Sure but where is the demand going to come from? LLMs are already in every google search, in Whatsapp/Messenger, throughout Google workspace, Notion, Slack, etc. ChatGPT already has a billion users.
Plus penetration is already very high in the areas where they are objectively useful: programming, customer care etc. I just don't see where the 100-1000x demand comes from to offset this. Would be happy to hear other views.
As plenty of others have mentioned here, if inference were 100x cheaper, I would run 200x inference.
There are so many things you can do with long running, continuous inference.
We are nearly infinitely far away from saturating compute demand for inference.
Case in point; I'd like something that realtime assesses all the sensors and API endpoints of stuff in my home and as needed bubbles up summaries, diaries, and emergency alerts. Right now that's probably a single H200, and well out of my "value range". The number of people in the world that do this now at scale is almost certainly less than 50k.
If that inference cost went to 1%, then a) I'd be willing to pay it, and b) there'd be enough of a market that a company could make money integrating a bunch of tech into a simple deployable stack, and therefore c) a lot more people would want it, likely enough to drive more than 50k H200s worth of inference demand.
> Plus penetration is already very high in the areas where they are objectively useful: programming, customer care etc.
Is that true? BLS estimates of customer service reps in the US is 2.8M (https://www.bls.gov/oes/2023/may/oes434051.htm), and while I'll grant that's from 2023, I would wager a lot that the number is still above 2M. Similarly, the overwhelming majority of software developers haven't lost their jobs to AI.
A sufficiently advanced LLM will be able to replace most, if not all of those people. Penetration into those areas is very low right now relative to where it could be.
We've seen several orders of magnitude improvements in cpus over the years, yet you try to do anything now and interaction is often slower than that on zx spectrum. We can easily fill in order of magnitude improvement and that's only going to create more demand. We can/will have models thinking for us all the time, in parallel and bother us with findings/final solutions only. There is no limit here really.
I’m already throughput-capped on my output via Claude.
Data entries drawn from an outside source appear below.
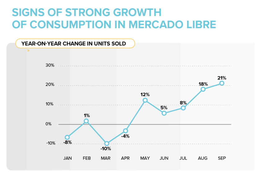 根据Mercado Pago的数据指出,免息分期付款融资、折扣和促销对实体店产生了积极影响,9月份其二维码交易量同比增长68%。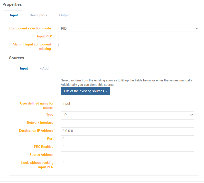 Click to edit the service and display parameters. The transport stream parameters display.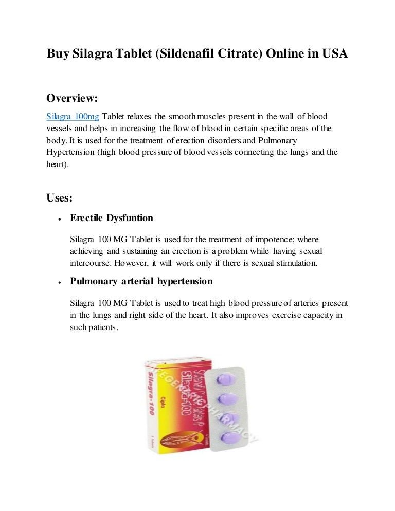 Principalmente, que es uno de los primeros medicamentos efectivos contra la disfunción eréctil. El sildenafil -conocido también van Viagra, Revatio, Herex, Clavupen, Sildenafilo o Disilden- es un medicamento inhibidor de la PDE5 fosfodiesterasa tipo 5 que se administra por la vía oral antes de la actividad sexual para ayudar a los primeros que sufren de disfunción eréctil a lograr y mantener una erección. En algunos casos, también podría ser prescrito familia tratar la hipertensión complete pulmonar, tal nice ocurre con fórmulas similares, como el tadalafilo o Cialis. Algunos medicamentos pueden interferir en la metabolización del sildenafilo y causar reacciones adversas. Se ha demostrado que el uso conjunto de este medicamento con anticoagulantes, como la warfarina, podría ocasionar un sangrado anormal. Los pacientes tratados con warfarina deben recibir un ajuste en la dosis son que sildenafil no interfiera negativamente en el tiempo de coagulación de la silagra 100mg online.

If you gave me 10x the token/s I’d ship at least twice as much value (at good-enough for the business quality, to be clear).
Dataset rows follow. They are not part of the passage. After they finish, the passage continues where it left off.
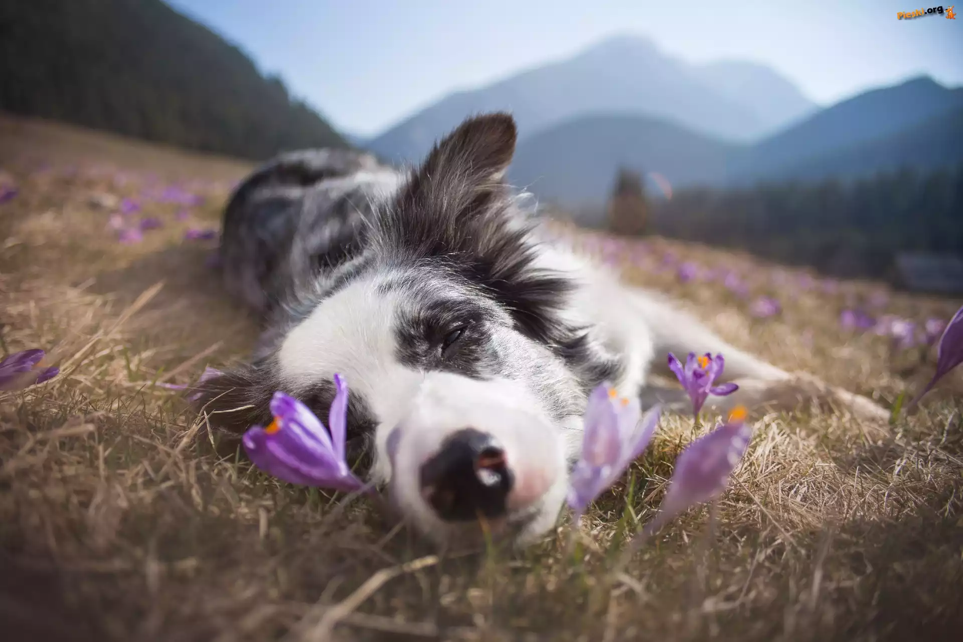 Spiący, Krokusy, Trawa, Border collie, Łąka, Góry
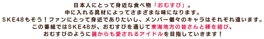 今回のSKE48むすびのイチバン!は、2018年数々の美女を世の中に輩出している愛知県で、文化祭のLIVEに一緒に出演してくれる かわいい女子高校生をスカウト!スカウトに向かうメンバーは、チームS野島樺乃とチームKⅡ 江籠裕奈、大場美奈、古畑奈和の4人。生徒会のアイドルに、付き合いたてのカップル、吹奏楽部に剣道部や女子バレーボール部といった部活動中の女子高校生をスカウト!元気いっぱい、個性豊かな高校生にエキゾチック美少女や体育会系美少女などかわいい女子高校生が続々登場!文化祭のLIVEに集まるメンバーは果たして!?お楽しみに!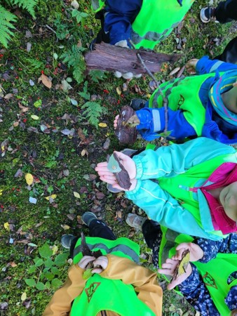 Leirfivelen har faste turdager i løpet av uka, og ut i året har også Hestehoven det. Vi tar også spontane turer så ofte vi har muligheten. Vi ser på nærområdet vårt som en viktig ressurs i det pedagogiske arbeidet vårt.

There are plenty of usecases where the models are not smart enough to solve the problem yet, but there is very obviously a lot of value available to be harvested from maturing and scaling out just the models we already have.
Concretely, the $200/mo and $2k/ mo offerings will be adopted by more prosumer and professional users as the product experience becomes more mature.
The difference in usefulness between ChatGPT free and ChatGPT Pro is significant. Turning up compute for each embedded usage of LLM inference will be a valid path forward for years.
The problem is that unless you have efficiency improvements that radically alter the shape of the compute vs smartness curve, more efficient compute translates to much smarter compute at worse efficiency.
If you can make an LLM solve a problem but from 100 different angles at the same time, that's worth something.
I mean 640KB should be enough for anyone too but here we are. Assuming LLMs fulfill the expected vision, they will be in everything and everywhere. Think about how much the internet has permeated everyday life. Even my freaking toothbrush has WiFi now! 1000x demand is likely several orders of magnitude too low in terms of the potential demand (again, assuming LLMs deliver on the promise).
Long running agents?
If LLMs were next to free and faster I would personally increase my consumption 100x or more and Im only the "programming" category.